_TASK TO COMPLETE:_
For this exercise, retype the lines from the one that holds "餐厅地面预先设置好引环形引导" through the one that holds "Come home to" in the records below, both included, exactly and without pictures.

[Records from a dataset]
╔══

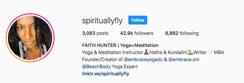After his uncle passed away, Townsel felt inspired to work as an educator and help others benefit from mindfulness and yoga. Now an international yoga instructor, Townsel uses his Instagram account, @dade2shelby, to show off his moves and share information about upcoming retreats. He has more than 98.7K followers on the image-sharing platform. He also offers content on Facebook, where he has more than 6K followers.
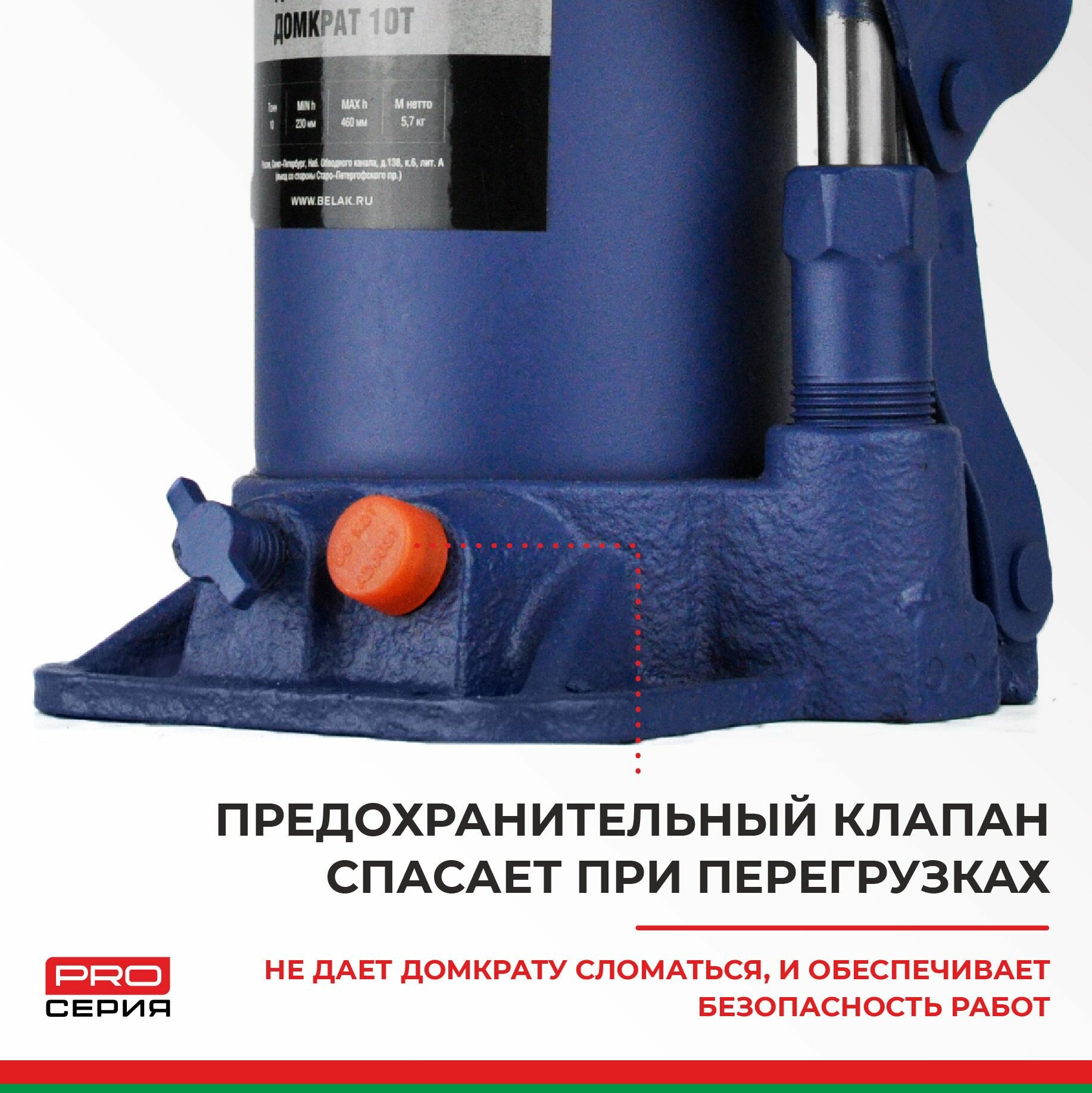 Белавтокомплект BAK.30016 Домкрат 10 тонн PREMIUM "BELAK" (TUV, 2 клапана, 230мм-460мм)
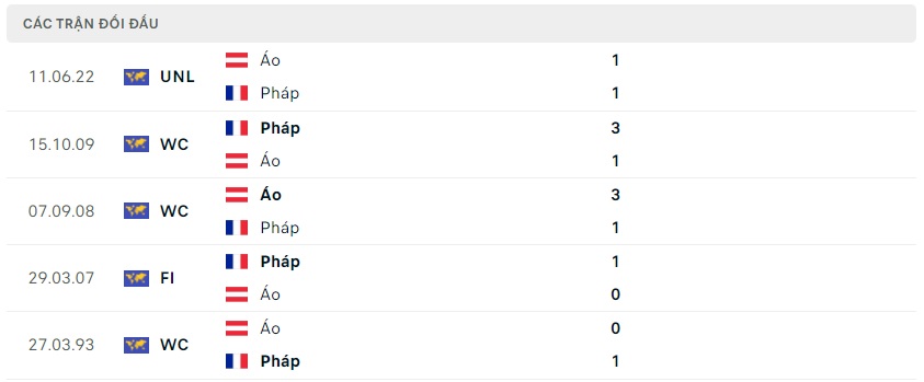 Thành tích đối đầu Pháp vs Áo
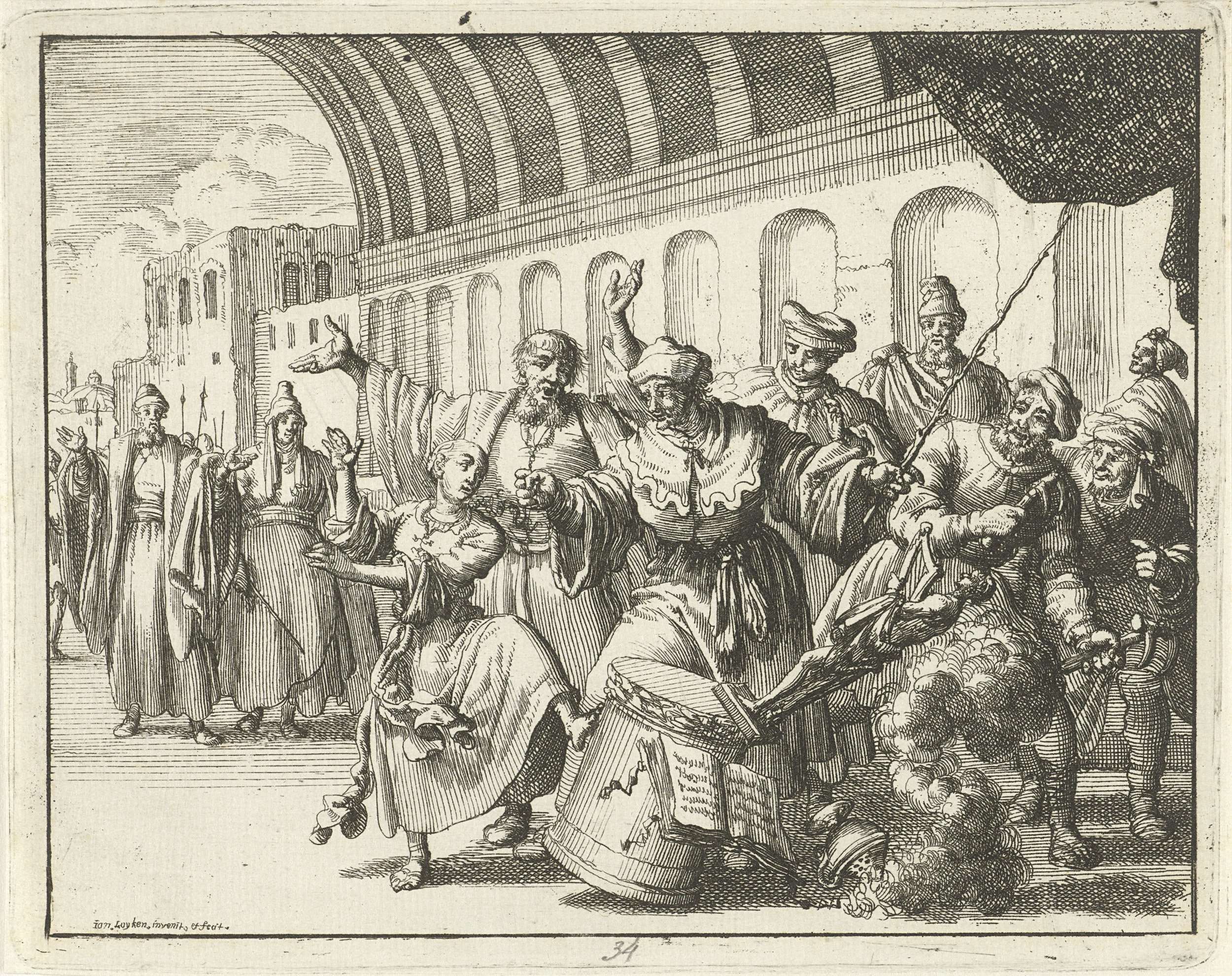 Eulalia van Mérida schopt een Romeins altaar met beeld van Apollo om
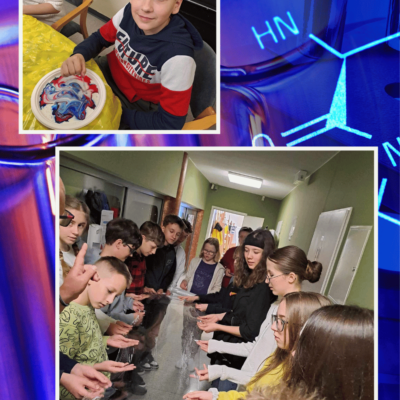 17 kwietnia uczniowie klasy 6a wzięli udział w warsztatach chemicznych „Magia wody” w CK Muza w Lubinie. Pod czujnym okiem instruktora odkrywali prawa chemii, wykonując proste doświadczenia i omawiając swoje obserwacje. Uczniowie poznali właściwości tej niezwykle ważnej substancji, która stanowi 70% powierzchni naszej planety, 70% masy ciała i 90% masy mózgu. Nauka przez eksperyment to doskonałe połączenie wiedzy teoretycznej z praktyką.
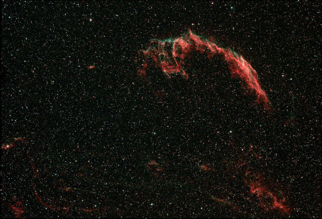 DescriptionI usually prefer to image the Veil Nebula in its entirety. But I was at a star party on a clear night, with my 600mm Askar, and decided to image this piece of it.
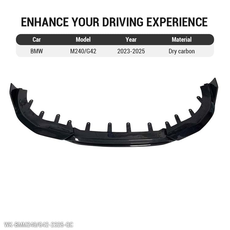 Ready to elevate your product offering with premium dry carbon fiber G42 front lips? Contact our sales team today to request a personalized wholesale quote, discuss custom design options, or schedule a sample shipment. With our competitive pricing, fast lead times, and unbeatable quality, we’re your trusted partner for BMW M240 aftermarket components.
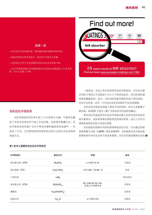 近紅外吸收劑作為油墨和涂料功能納米助劑
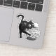 Traga um toque de maldade para o seu laptop, garrafa d'água ou notebook com este adesivo bonito. Com um gato de olhos largos abraçando um aquário gentilmente, este design captura a curiosidade irresistível de nossos amigos felinos. Perfeito para amantes de gatos, entusiastas de animais, ou qualquer pessoa que goste de arte bonitinha e caprichosa.
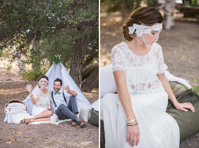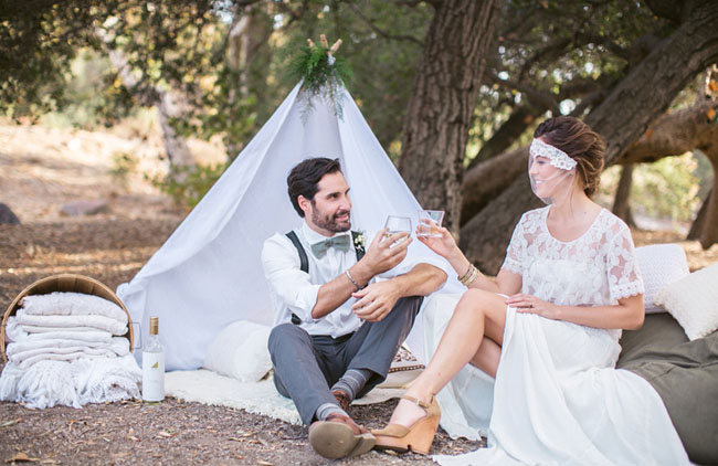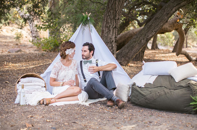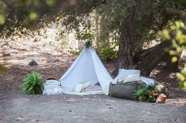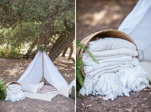 Si estás buscando ideas para un preboda campestre éste reportaje fotográfico es ideal para coger inspiración con un atrezzo tan bonito y sencillo como un teepee, un cestito con mantas y algún puf. Si tenéis la oportunidad de hacer vuestras fotos en un sitio así os lo recomiendo ya que es un recuerdo precioso, además, seguro que cerca de casa conocoéis algún pueblo con un rio o zona con árboles.
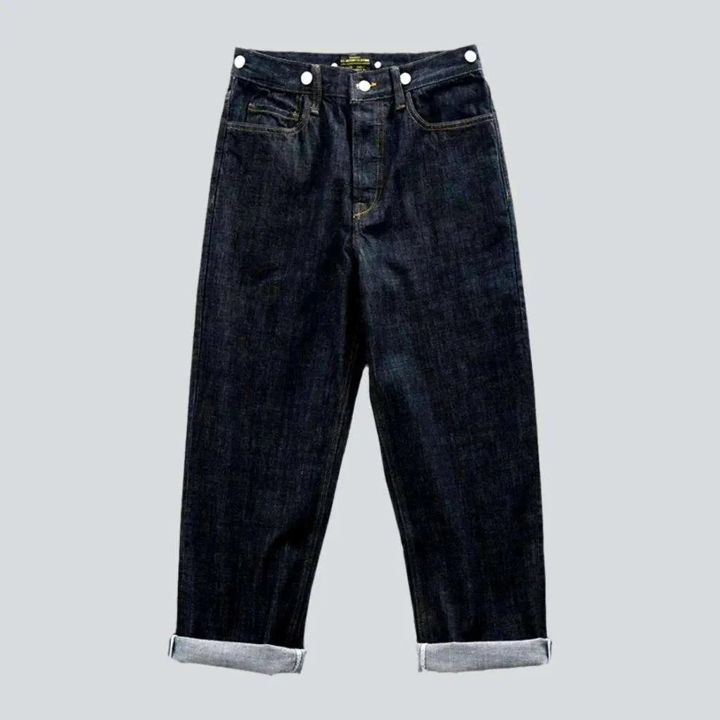 Behold the beauty of our timeless raw denim jeans. Crafted with care. this mid-waist buttoned rise design offers unbeatable comfort and aged vibes. Our heavyweight 15oz selvedge vibe ensures durability and steady style. The zipper and button closure adds the perfect finishing touch to this timeless piece.
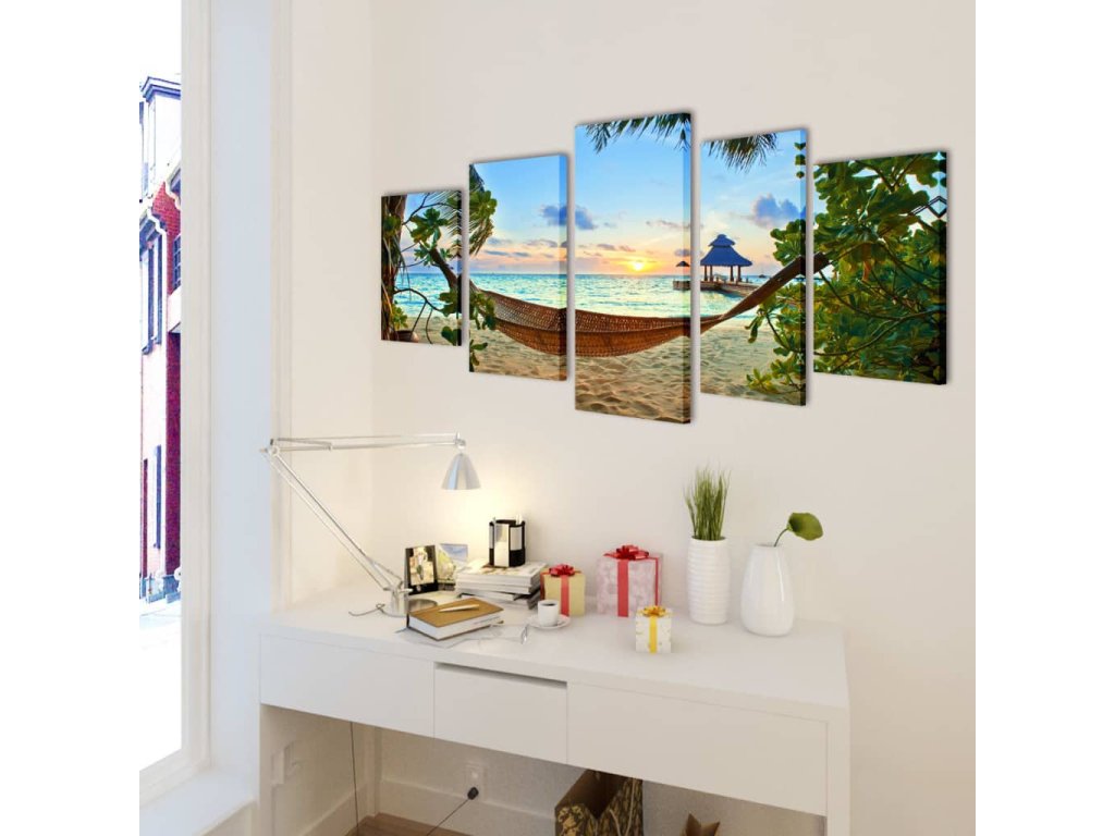 Tato sada nástěnných potištěných pláten je vyrobená z vysoce kvalitního plátna a je voděodolná, takže se snadno čistí. Potisk s motivem pláže s houpací sítí s sebou přináší tropickou atmosféru.
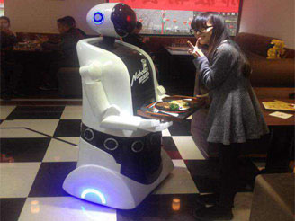 餐厅地面预先设置好引环形引导线,在传菜口工作人员把做好的菜放在机器人托盘上,并设置目标餐桌。机器人自动根据预设的地图,一路运行到目标餐桌,并提醒顾客取餐。机器人自带避障装置,当机器人送菜过程中,引导线前方有障碍物,例如有个孩子在机器人前方。机器人自动停止,并语音提醒前方人员让开。当前方障碍人员让开以后,机器人继续送菜。
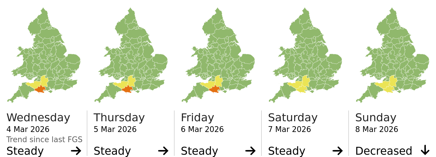 Ongoing groundwater flooding impacts are probable for parts of the South of England through the next five days, with ongoing river flooding impacts also probable across parts of Somerset. Properties could flood and there could be travel disruption.
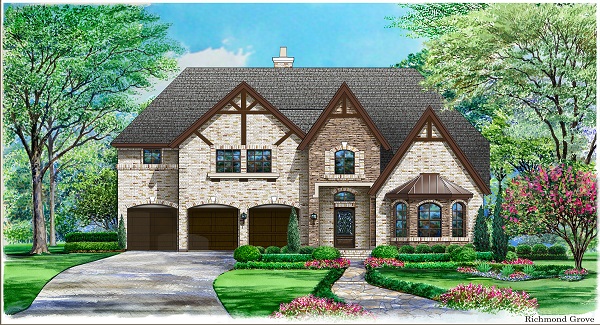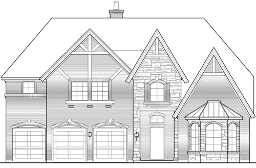 Come home to this lovely luxury house plan and enjoy all the amenities. The large two-story foyer offers access to a quiet study with bayed window sitting area and a family bedroom with walk-in closet and full bath. The family room, dining room, and kitchen are open to one another, divided only by the breakfast bar in the kitchen. Built-ins and a warming fireplace in the family room help to keep this family gathering area cozy. The large bank of windows allow for sun to stream through. The luxurious master suite boasts a bayed window sitting area, trey ceiling, plenty of windows, a lavish bath with separate shower, corner garden tub and large wardrobe. A three-car garage completes the main level of this luxury house plan. Upstairs, three family bedrooms with walk-in closets and full baths share space with the game and media rooms. There is plenty of storage in this luxury house plan. See Richmond Ridge and Richmond Valley for alternate elevations.
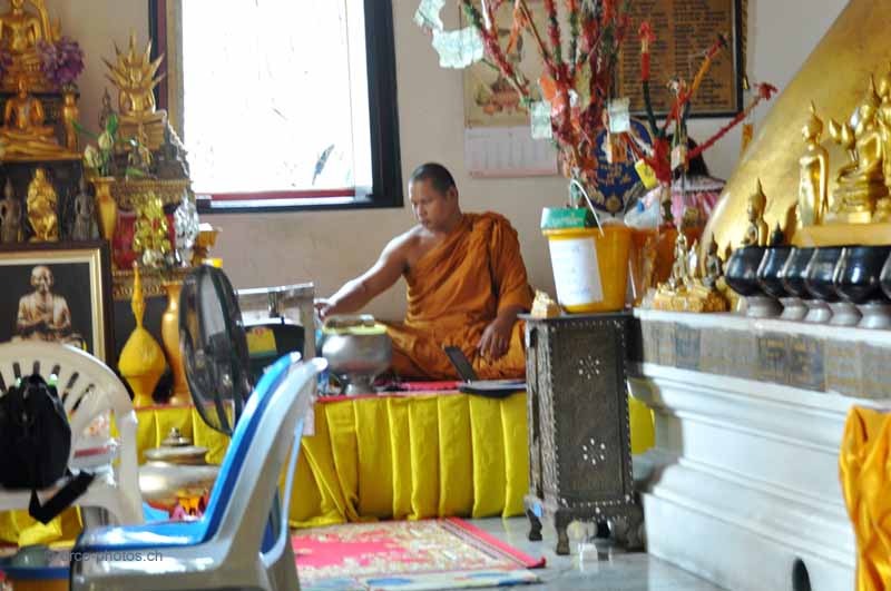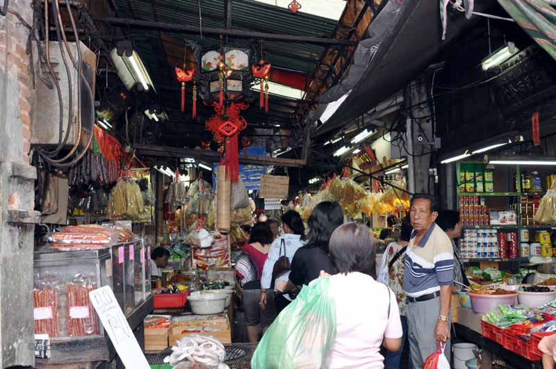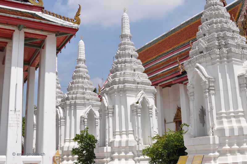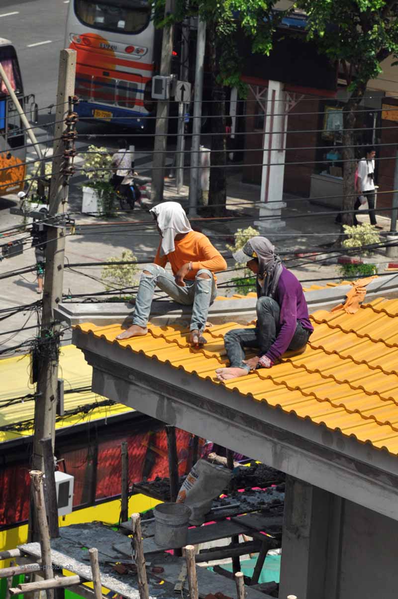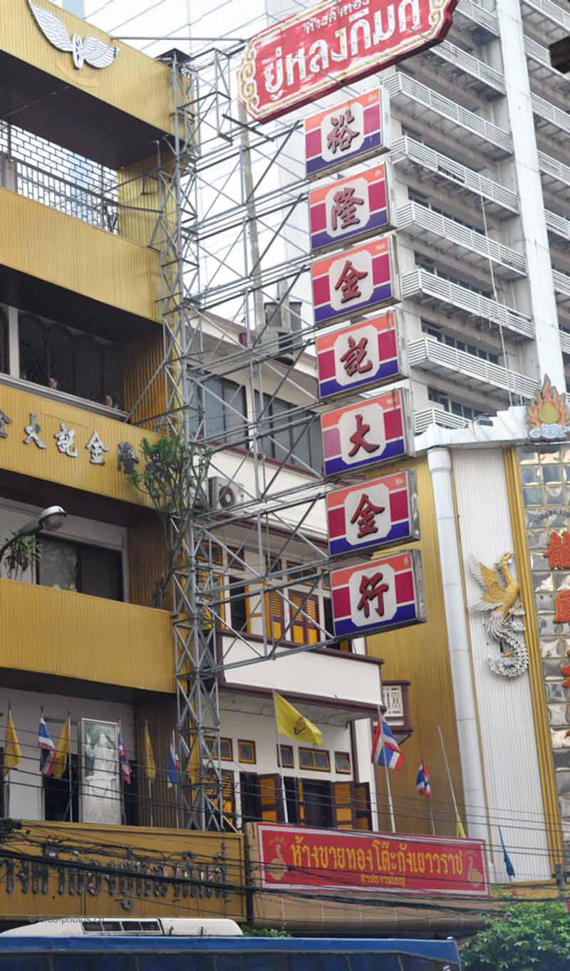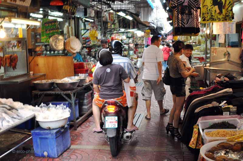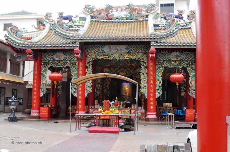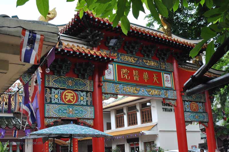 Après ma ballade sur le fleuve et ne pouvant pas visiter le Palais royal (je n'avais pas d'invitation - Un oubli peut-être? - pour une cérémonie de je ne sais quelle commémoration). Je me suis rabattu sur China Town. Bien que pour nous l'Asie c'est l'Asie, quand vous entrez dans le quartier chinois vous avez vraiment l'impression d'avoir changé de pays. L'écriture sur les enseignes de magasins, la marchandise qui s'y vend, la nourriture préparée par les petits cuistots des rues, l'architecture des temples, tout est différent. Seuls le brouhaha et la circulation sont identiques. Ah! et j'oubliais... les fils électriques également.

╚══

_TASK OUTPUT:_
 餐厅地面预先设置好引环形引导线,在传菜口工作人员把做好的菜放在机器人托盘上,并设置目标餐桌。机器人自动根据预设的地图,一路运行到目标餐桌,并提醒顾客取餐。机器人自带避障装置,当机器人送菜过程中,引导线前方有障碍物,例如有个孩子在机器人前方。机器人自动停止,并语音提醒前方人员让开。当前方障碍人员让开以后,机器人继续送菜。
 Ongoing groundwater flooding impacts are probable for parts of the South of England through the next five days, with ongoing river flooding impacts also probable across parts of Somerset. Properties could flood and there could be travel disruption.
 Come home to this lovely luxury house plan and enjoy all the amenities. The large two-story foyer offers access to a quiet study with bayed window sitting area and a family bedroom with walk-in closet and full bath. The family room, dining room, and kitchen are open to one another, divided only by the breakfast bar in the kitchen. Built-ins and a warming fireplace in the family room help to keep this family gathering area cozy. The large bank of windows allow for sun to stream through. The luxurious master suite boasts a bayed window sitting area, trey ceiling, plenty of windows, a lavish bath with separate shower, corner garden tub and large wardrobe. A three-car garage completes the main level of this luxury house plan. Upstairs, three family bedrooms with walk-in closets and full baths share space with the game and media rooms. There is plenty of storage in this luxury house plan. See Richmond Ridge and Richmond Valley for alternate elevations.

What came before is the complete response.